Hi,
Thanks for creating this absolutely awesome learning resource!
For context, I'm passing all tests up to and including the task3_1 set.
I've been stuck on 3.2 for a while, and thought I'd double check the "ground truth" for matmul tests marked task3_2
(i.e. the values stored in c2
). However, printing the expected results out and then computing them separately with numpy give different results.
[
[
[0.6272 0.3107 0.0176]
[0.8124 0.4486 0.9398]]] @
[
[
[0.6620 0.4447 0.7729 0.1804]
[0.8839 0.0619 0.2097 0.8598]
[0.7512 0.8540 0.1345 0.8480]]] =
[
[0.8249 0.8901 0.2055 1.2106]
[0.8249 0.8901 0.2055 1.2106]]
>>> import numpy as np
>>> np.array([[[0.6272, 0.3107, 0.0176], [0.8124, 0.4486, 0.9398]]]) @ np.array([[[0.6620, 0.4447, 0.7729, 0.1804], [0.8839, 0.0619, 0.2097, 0.8598], [0.7512, 0.8540, 0.1345, 0.8480]]])
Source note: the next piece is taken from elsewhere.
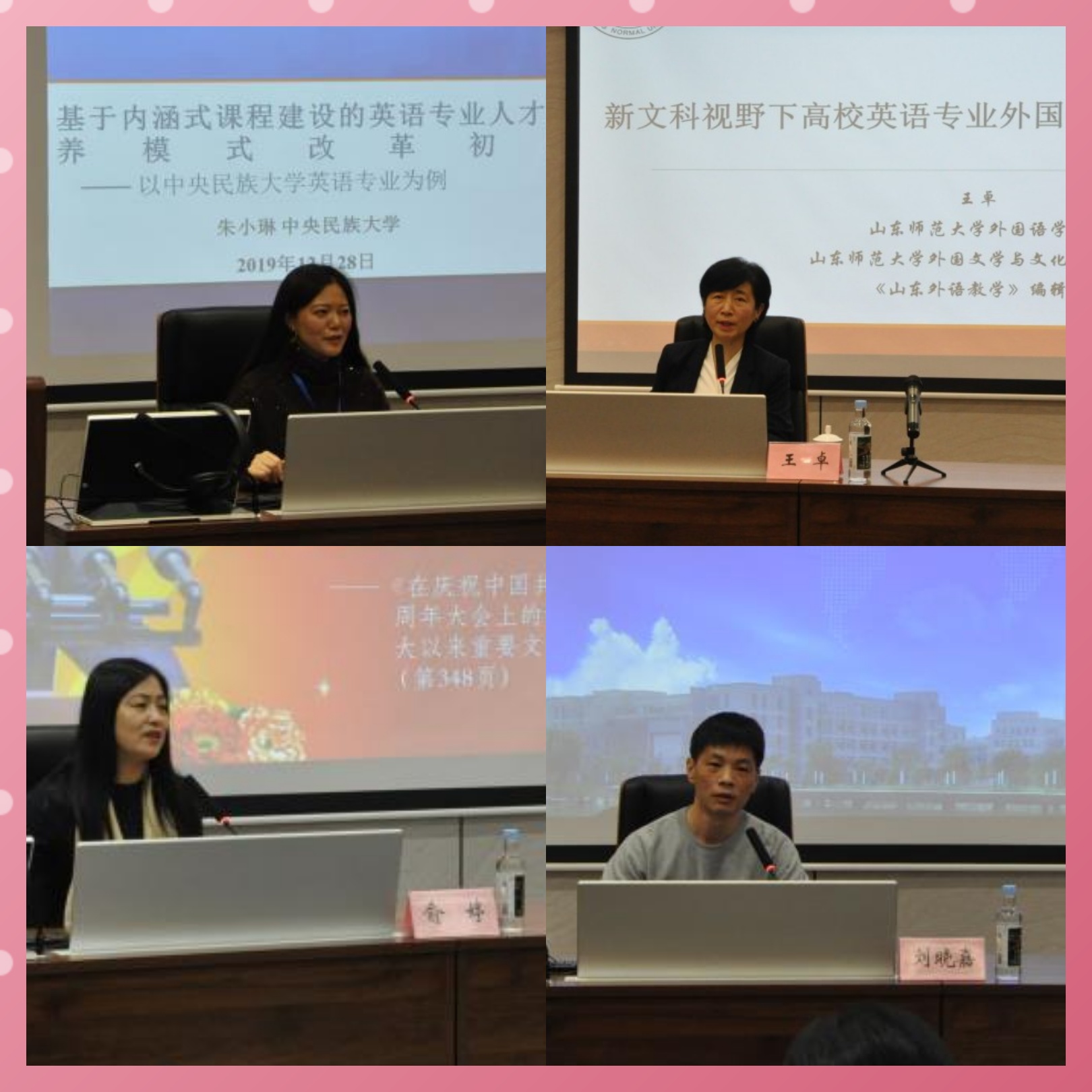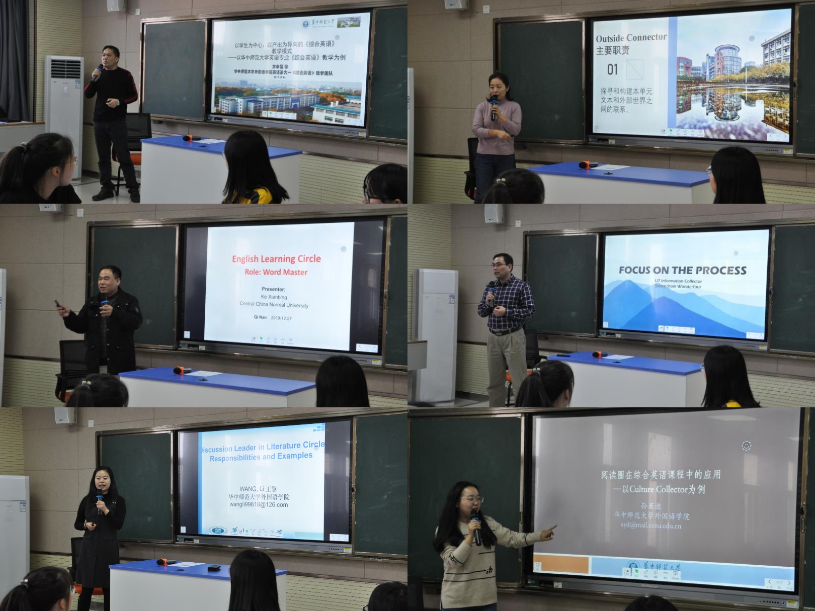 28日下午,人文英语教学展示在外国语学院B550智慧教室进行,由山东师范大学外国语学院刘震副教授主持。华中师范大学外国语学院方幸福教授以英语专业《综合英语》教学为例,展示了以学生为中心、以产出为导向的《综合英语》教学模式。该教学模式基于English Learning Circle, 提出了学生在学习过程中扮演的六种角色:Discussion Leader, Information Collector, Passage Person, Outside Collector, Cultural Collector 和Word Master。 华中师范大学外国语学院英语系《综合英语》教学团队的五位老师结合自己的教学实践详细阐述了学生在扮演六种角色时需要完成的各项工作和教师在教学过程中的作用。山东师范大学外国语学院《综合英语》教学团队的王秀香和刘焱两位老师以具体文本为例进行了说课和实际的课堂展示。之后,罗良功、刘永杰、潘震、朱小琳、俞婷五位与会专家对两个团队精彩的教学展示进行了点评,王卓院长对课程展示环节进行了总结。专家们对两个教学团队的表现给与了充分肯定,并一致认为人文英语系列教材《综合英语》凸显了人文性,必将进一步带动外语专业教学方式和理念的深入变革,与会教学团队展示的由人文系列教材推动的教学模式改革也为中国外语教育改革提供了范本。
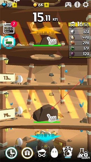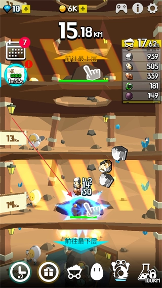 击碎岩石后,点击前往下一层的按钮,即可推进挖掘深度,例如达到15.18千米。

array([[[0.70305525, 0.31317857, 0.55228387, 0.39521154],
[1.6403041 , 1.19163182, 0.84837848, 1.32921364]]])
[
[
[0.0000 0.0000]
[0.0000 0.0000]]
[
[0.0000 0.0000]
[0.0000 0.1000]]] @
[
[
[0.0000 0.0000]
[0.0000 0.1000]]] =
[
[
[0.0000 0.0000]
[0.0000 0.0100]]
[
[0.0000 0.0000]
[0.0000 0.0100]]]
>>> import numpy as np
>>> np.array([[[0.0000, 0.0000], [0.0000, 0.0000]], [[0.0000, 0.0000], [0.0000, 0.1000]]]) @ np.array([[[0.0000, 0.0000],[0.0000, 0.1000]]])
array([[[0. , 0. ],
[0. , 0. ]],
[[0. , 0. ],
[0. , 0.01]]])
So I'm writing this because I'm wondering whether:
- tests prior to 3.2 failed to catch some bug which messes up the "ground truth" target for me personally, or
- tests for 3.2 are buggy
Do you have any thoughts on this?
Thanks again for putting together this masterpiece.
Edit: Also, skipping to run_fast_tensor.py
with cpu backend seems to work (i.e. training takes place, loss goes down, metrics go up), so I'll just ignore the two failing tests for now until I run into seemingly related issues. Next, CUDA!